Belanja APBD Surabaya untuk UMK Terbesar se-Indonesia

pdip-jatim-221201-belanja-umk-sby

“Kalau ada kepala dinas yang masih suka beli produk impor, padahal ada produksi dalam negerinya, akan langsung saya copot”

SURABAYA – Belanja APBD Kota Surabaya untuk sektor Usaha Mikro Kecil (UMK) dan Produk Dalam Negeri (PDN) terbesar dibandingkan semua kota se-Indonesia.

Tercatat, belanja APBD Surabaya untuk UMK per 25 November 2022 mencapai Rp 1,2 triliun, dan belanja untuk PDN tembus di angka Rp 1,7 triliun.

Data tersebut diungkap Lembaga Kebijakan Pengadaan Barang/Jasa Pemerintah (LKPP) pada Rakor Monitoring dan Evaluasi Pelaksanaan Instruksi Presiden Nomor 2 Tahun 2022, tentang Percepatan Peningkatan Penggunaan PDN dan Produk Usaha Mikro, Usaha Kecil, dan Koperasi dalam Rangka Menyukseskan Gerakan Nasional Bangga Buatan Indonesia pada Pelaksanaan Pengadaan Barang/Jasa Pemerintah.

Hadir dalam rakor tersebut Menteri Perindustrian Agus Gumiwang Kartasasmita, Menteri PANRB Abdullah Azwar Anas, Menteri Koperasi dan UKM Teten Masduki, Kepala LKPP Hendrar Prihadi, Kepala Badan Pengawasan Keuangan dan Pembangunan (BPKP) M Yusuf Ateh, dan perwakilan kementerian/lembaga serta pemda se-Indonesia.

Wali Kota Eri Cahyadi mengatakan, Pemkot Surabaya telah dan akan terus mengoptimalkan belanja untuk UMKM dan produk dalam negeri. “Ini soal keberpihakan ke ekonomi rakyat,” kata Eri Cahyadi di Surabaya, Selasa (29/11/2022).

APBD, lanjut Eri, jangan lagi hanya dinikmati pabrikan-pabrikan besar. Harus semakin banyak UMKM yang menikmati APBD, demi kesejahteraan warga Surabaya.

“Optimalisasi belanja untuk UMKM dan PDN ini sesuai arahan Presiden Joko Widodo (Jokowi), bahwa APBD harus didedikasikan untuk rakyat, untuk menstimulan ekonomi rakyat, karena ini semua kan uang dari rakyat,” sambungnya.

Kader Banteng ini lantas membeber sejumlah inovasi Pemkot Surabaya dalam mendorong pelibatan UMK serta meningkatkan penggunaan produk dalam negeri.

Penggunaan produk dalam negeri itu di antaranya adalah produksi paving yang melibatkan masyarakat berpenghasilan rendah (MBR), yang kemudian dibeli Pemkot Surabaya melalui APBD. Program pavingisasi ini menyentuh ke seluruh penjuru kampung di Surabaya.

“Kalau kita beri kepercayaan, UMK terbukti bisa, MBR terbukti bisa. Buktinya paving produksi MBR, yang sebelumnya kita latih, telah lulus uji oleh Institut Teknologi 10 Nopember (ITS) Surabaya. Dengan APBD mengalir ke rakyat di bawah, ini jadi instrumen mempercepat pemulihan ekonomi,” bebernya.

Eri menambahkan, Pemkot Surabaya juga menggeber berbagai program yang melibatkan UMKM penjahit dan perajin di kampung-kampung. Pemkot Surabaya memesan ratusan ribu seragam dan sepatu untuk dibagikan gratis ke pelajar SD dan SMP dari keluarga kurang mampu.

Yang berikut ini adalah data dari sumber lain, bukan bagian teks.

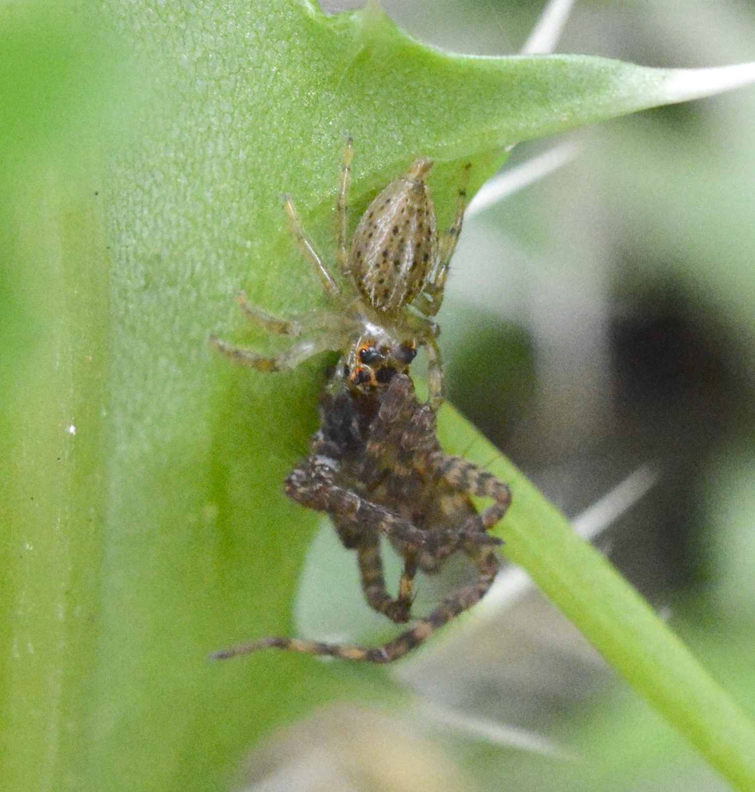 Colonus sylvanus | species | Agelenopsis | genus | eats | Animalia | Arthropoda | Arachnida | Araneae | Salticidae | Colonus | Animalia | Arthropoda | Arachnida | Araneae | Agelenidae | Agelenopsis | 30.368937 | -91.108129 | 2021 | 3 | 10 | http://creativecommons.org/licenses/by/4.0/ | https://www.inaturalist.org/observations/70962920 | |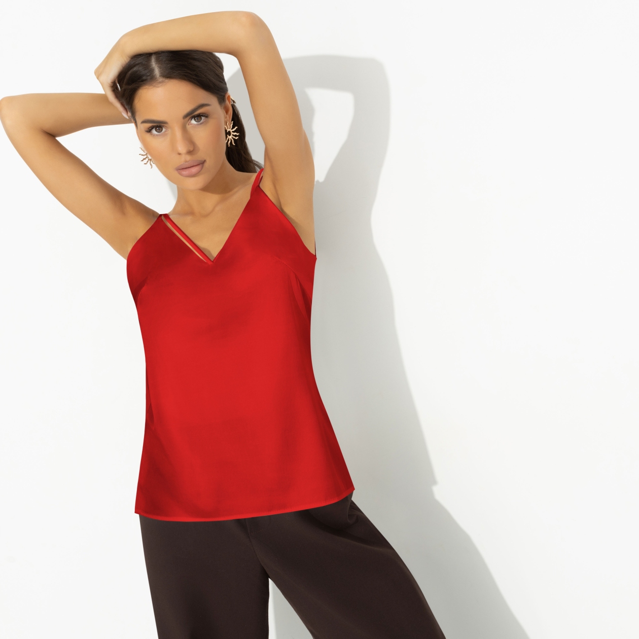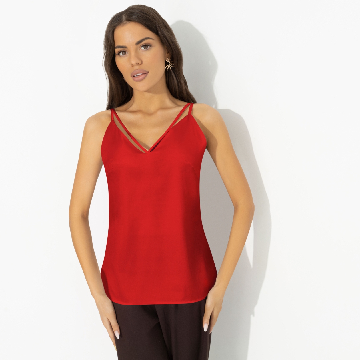 В психологии личностного роста есть упражнение на повышение самооценки. Надеваете вещь яркого красного цвета и уверенно смотрите в глаза всем, кто вам встретится в этот день. Задача – с достоинством принимать все знаки внимания. Приступайте к выполнению в блузе CHARUTTI и ваша самооценка взлетит к небесам. Блуза на тонких бретелях. Приталенный силуэт. Хорошо смотрится в заправленном виде и навыпуск. Ошибка при загрузке данных! (https://charutti.ru/upload/video-ozon-covers/00000011931_video_ozon.mp4)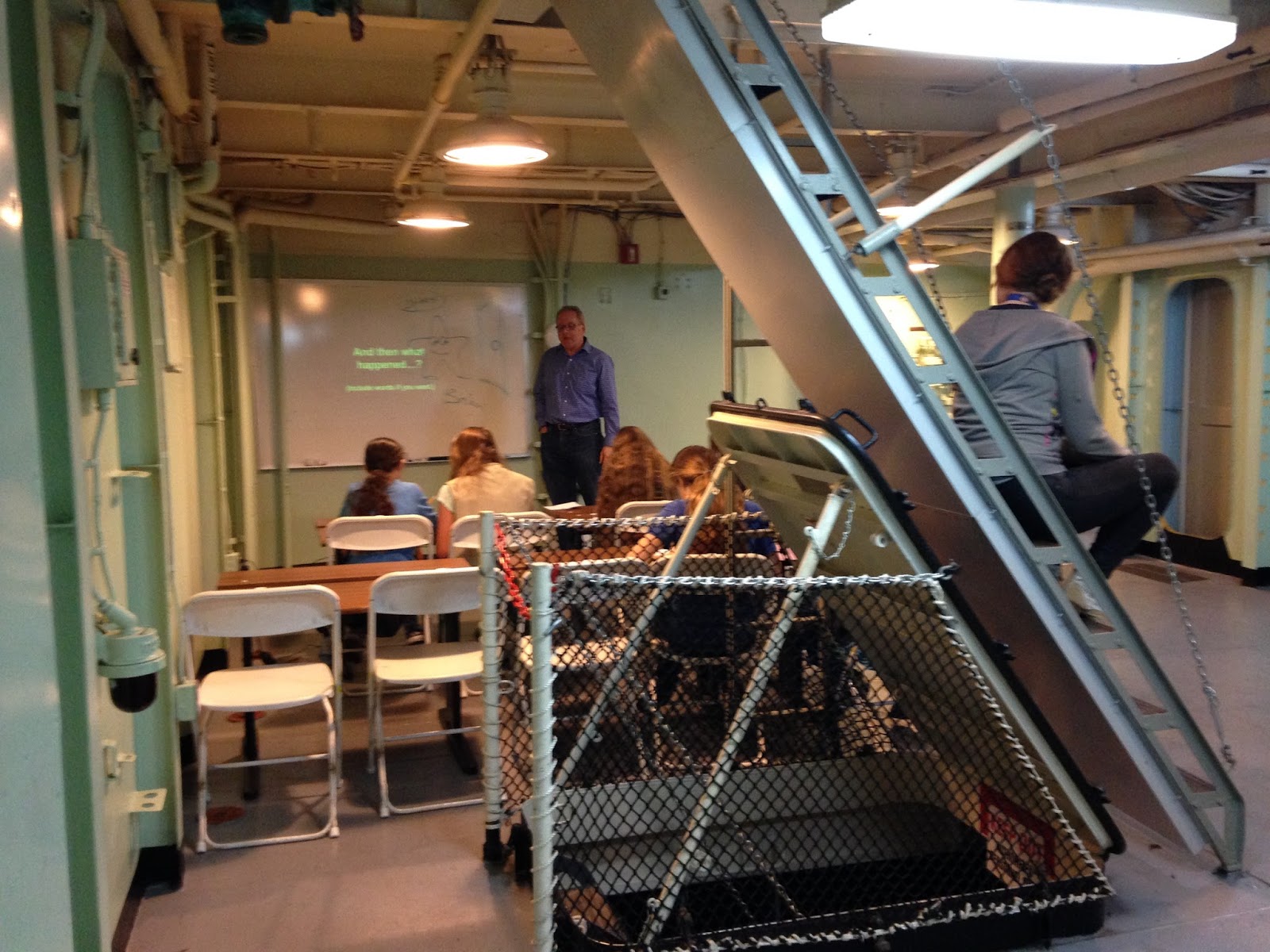 Corry's turn to talk. Her presentation was great. Then we talked to each other for five minutes, took a few questions (one boy just had to tell us how much he loved Snoopy), and were done after about 50 minutes.Immediately afterward I went to a small classroom below decks to do a Girl Scout Comic Artists Badge Workshop for a troop of six scouts. One of their mothers works with Laura on the Hornet (Hi, Chris!) and has wanted to do the workshop for a while, so we figured we'd kill as many birds with as few stones as we could. Attendance at the earlier talk was part of their requirement for earning the badge. It was a great group of girls, lively and attentive in all the right parts. By the end of the workshop everyone knew how comics are made and had drawn a four-panel (at least--some girls did much more) comic strip.

“Ini seperti sekali mendayung tiga pulau terlampaui. Kita memberdayakan UMKM, memastikan seluruh pelajar bisa bersekolah dengan nyaman karena punya seragam dan sepatu baru, sekaligus meringankan beban orang tua karena tidak perlu membeli seragam dan sepatu baru,” jelas mantan kepala Badan Perencanaan Pembangunan Kota Surabaya tersebut.

Eri juga memastikan, APBD Surabaya didedikasikan untuk produk dalam negeri. “Pokoknya kita pilih produk dengan komponen dalam negeri yang besar.”

Menurutnya, jangan sampai APBD justru untuk beli barang impor, kecuali memang yang belum bisa produksi di dalam negeri.

“Kalau ada kepala dinas yang masih suka beli produk impor, padahal ada produksi dalam negerinya, akan langsung saya copot,” tegas Eri.

Pada 2023, imbuhnya, APBD Surabaya akan mengalokasikan belanja Rp3 triliun untuk sektor UMKM. “Ayo UMKM memanfaatkan. Ini uangnya rakyat kok. Bukan uangnya wali kota. Harus kembali ke rakyat, ke UMKM,” katanya.

“UMKM ayo persiapkan diri. Lengkapi dengan legalitas. Nanti bisa nikmati kue APBD Surabaya,” sambung dia.

Selain melalui instrumen belanja APBD, lanjut Eri, pemberdayaan UMKM juga dilakukan dengan “Rumah Padat Karya” (RPK) yang tersebar di berbagai kelurahan di Surabaya.

Aset-aset Pemkot Surabaya yang idle alias menganggur disulap menjadi RPK untuk memberdayakan masyarakat berpenghasilan rendah (MBR).

“Ada untuk kafe, barbershop, laundry, cuci motor, produksi kue, destinasi wisata, lahan pertanian-perikanan, dan sebagainya. Program ini telah menyerap ribuan warga MBR,” pungkasnya. (dhani/pr)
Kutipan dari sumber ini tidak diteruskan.